Later, this fails to vectorize in GenericVectorization (I assume because of the dynamic dim), and results in no mfma ops later on:

// -----// IR Dump After GenericVectorization (iree-codegen-generic-vectorization) //----- //
func.func @fit_shared_memory_schedule_matmul() attributes {hal.executable.target = #hal.executable.target<"rocm", "rocm-hsaco-fb", {mma_intrinsics = [#iree_gpu.mma_layout<MFMA_F16_16x16x16_F32>, #iree_gpu.mma_layout<MFMA_F16_32x32x8_F32>], target_arch = "gfx942", ukernels = "none"}>, translation_info = #iree_codegen.translation_info<LLVMGPUVectorDistribute workgroup_size = [256, 1, 1] subgroup_size = 64, {mma_schedule = #iree_gpu.mma_schedule<intrinsic = #iree_gpu.mma_layout<MFMA_F16_16x16x16_F32>, subgroup_m_count = 1, subgroup_n_count = 4>}>} {
  %c128 = arith.constant 128 : index
  %c1280 = arith.constant 1280 : index
  %c0 = arith.constant 0 : index
  %cst = arith.constant 0.000000e+00 : f32
  %c129181184 = arith.constant 129181184 : index
  %c18112 = arith.constant 18112 : index
  %c100980224 = arith.constant 100980224 : index
  %0 = hal.interface.binding.subspan set(0) binding(0) type(storage_buffer) alignment(64) offset(%c129181184) flags(ReadOnly) : !flow.dispatch.tensor<readonly:tensor<80x1280xf16>>
  %1 = hal.interface.binding.subspan set(0) binding(1) type(storage_buffer) alignment(64) offset(%c18112) flags(ReadOnly) : !flow.dispatch.tensor<readonly:tensor<1280x1280xf16>>
  %2 = hal.interface.binding.subspan set(0) binding(2) type(storage_buffer) alignment(64) offset(%c100980224) : !flow.dispatch.tensor<writeonly:tensor<80x1280xf32>>
  %workgroup_id_y = hal.interface.workgroup.id[1] : index
  %3 = affine.apply affine_map<()[s0] -> (s0 * 16)>()[%workgroup_id_y]

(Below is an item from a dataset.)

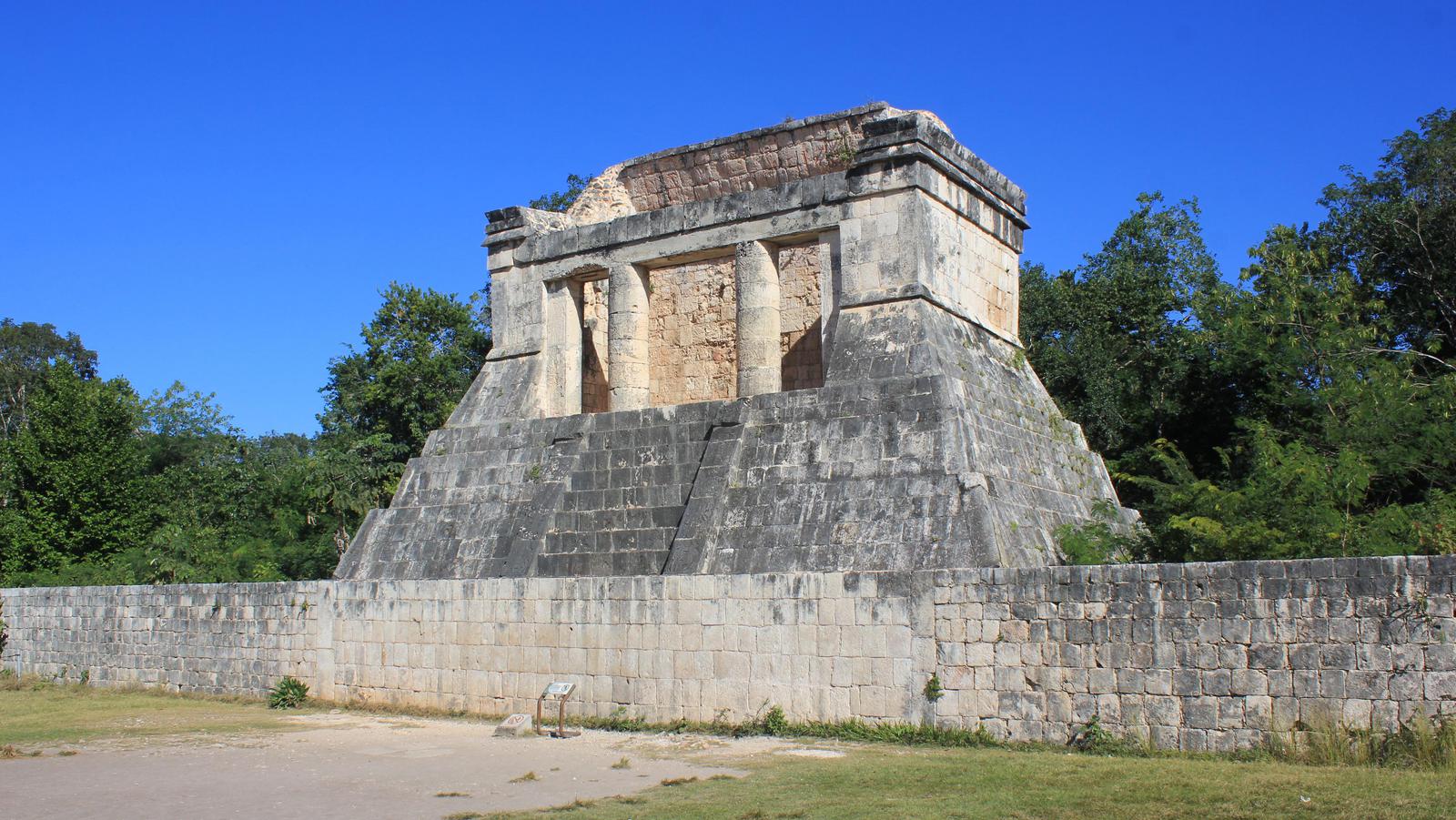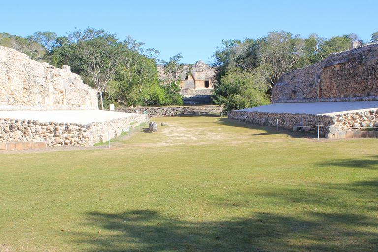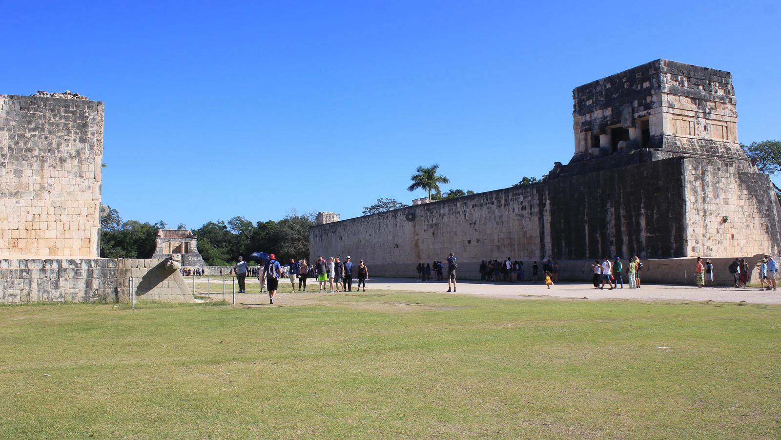 Nous traversons le Jeu de Pelote. Le terrain est longé par deux murs en pierre équipés chacun d'un anneau. Les joueurs devaient faire passer une balle dans ces derniers en s'aidant des genoux, des coudes, des hanches ou des fesses, mais sans les pieds ni les mains. Au-delà du terrain, nous arrivons au pied de la Grande Pyramide.

  %workgroup_id_x = hal.interface.workgroup.id[0] : index
  %4 = affine.apply affine_map<()[s0] -> (s0 * 128)>()[%workgroup_id_x]

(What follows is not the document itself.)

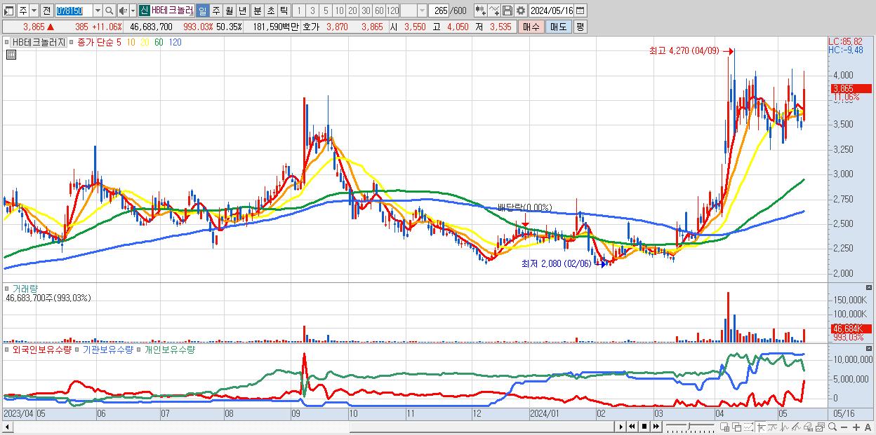 - HB테크놀러지 (3,865원 ▲ 11.06% , 시총: 3,583억, 거래량: 46,683,700, 거래대금:1,816억)

  %5 = affine.min affine_map<()[s0] -> (s0 * -16 + 80, 16)>()[%workgroup_id_y]
  %6 = affine.min affine_map<()[s0] -> (s0 * -128 + 1280, 128)>()[%workgroup_id_x]

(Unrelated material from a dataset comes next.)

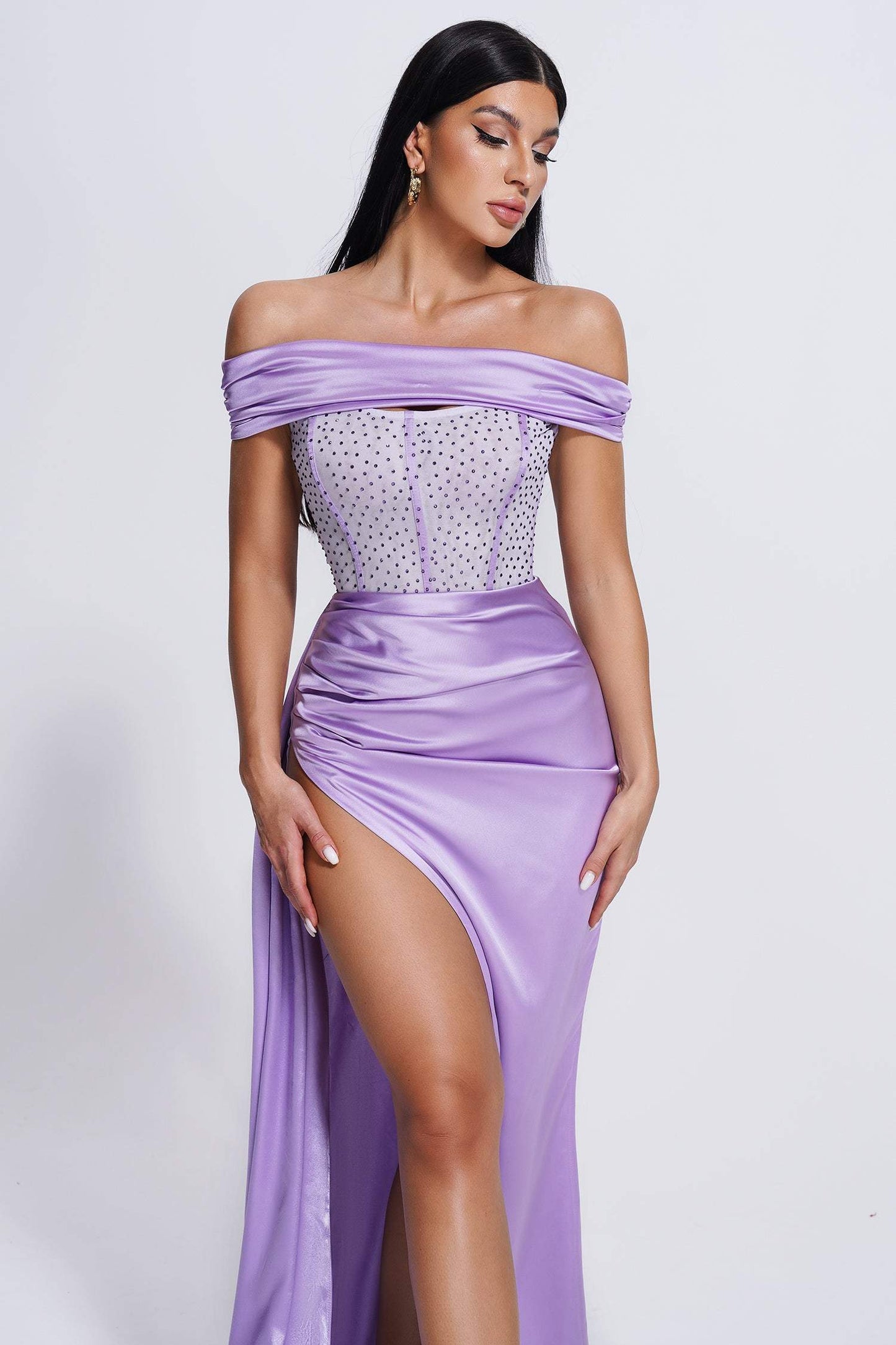 Colia Diamomate Mesh Corset Satin Maxi Dress - Purple 💜

  %7 = flow.dispatch.tensor.load %2, offsets = [%3, %4], sizes = [%5, %6], strides = [1, 1] : !flow.dispatch.tensor<writeonly:tensor<80x1280xf32>> -> tensor<?x?xf32>
  %8 = flow.dispatch.tensor.load %0, offsets = [%3, 0], sizes = [%5, 1280], strides = [1, 1] : !flow.dispatch.tensor<readonly:tensor<80x1280xf16>> -> tensor<?x1280xf16>
  %9 = flow.dispatch.tensor.load %1, offsets = [0, %4], sizes = [1280, %6], strides = [1, 1] : !flow.dispatch.tensor<readonly:tensor<1280x1280xf16>> -> tensor<1280x?xf16>
  %10 = linalg.generic {indexing_maps = [affine_map<(d0, d1) -> ()>, affine_map<(d0, d1) -> (d0, d1)>], iterator_types = ["parallel", "parallel"]} ins(%cst : f32) outs(%7 : tensor<?x?xf32>) {
  ^bb0(%in: f32, %out: f32):
    linalg.yield %in : f32
  } -> tensor<?x?xf32>
  %extracted_slice = tensor.extract_slice %10[0, 0] [%5, %6] [1, 1] : tensor<?x?xf32> to tensor<?x?xf32>
  %11 = scf.for %arg0 = %c0 to %c1280 step %c128 iter_args(%arg1 = %extracted_slice) -> (tensor<?x?xf32>) {
    %extracted_slice_0 = tensor.extract_slice %8[0, %arg0] [%5, 128] [1, 1] : tensor<?x1280xf16> to tensor<?x128xf16>
    %extracted_slice_1 = tensor.extract_slice %9[%arg0, 0] [128, %6] [1, 1] : tensor<1280x?xf16> to tensor<128x?xf16>
    %12 = linalg.generic {indexing_maps = [affine_map<(d0, d1, d2) -> (d0, d2)>, affine_map<(d0, d1, d2) -> (d2, d1)>, affine_map<(d0, d1, d2) -> (d0, d1)>], iterator_types = ["parallel", "parallel", "reduction"]} ins(%extracted_slice_0, %extracted_slice_1 : tensor<?x128xf16>, tensor<128x?xf16>) outs(%arg1 : tensor<?x?xf32>) {
    ^bb0(%in: f16, %in_2: f16, %out: f32):
      %13 = arith.extf %in : f16 to f32
      %14 = arith.extf %in_2 : f16 to f32
      %15 = arith.mulf %13, %14 : f32
      %16 = arith.addf %out, %15 : f32
      linalg.yield %16 : f32
    } -> tensor<?x?xf32>
    scf.yield %12 : tensor<?x?xf32>
  }
  %inserted_slice = tensor.insert_slice %11 into %10[0, 0] [%5, %6] [1, 1] : tensor<?x?xf32> into tensor<?x?xf32>
  flow.dispatch.tensor.store %inserted_slice, %2, offsets = [%3, %4], sizes = [%5, %6], strides = [1, 1] : tensor<?x?xf32> -> !flow.dispatch.tensor<writeonly:tensor<80x1280xf32>>
  return
}

Max191 · Answer 1 · Thu May 09 2024 06:00:11 GMT+0800 (China Standard Time)

There seems to actually be no bug here. The test is just broken, as it needs a hal.executable.variant for the number of workgroups to be inferred.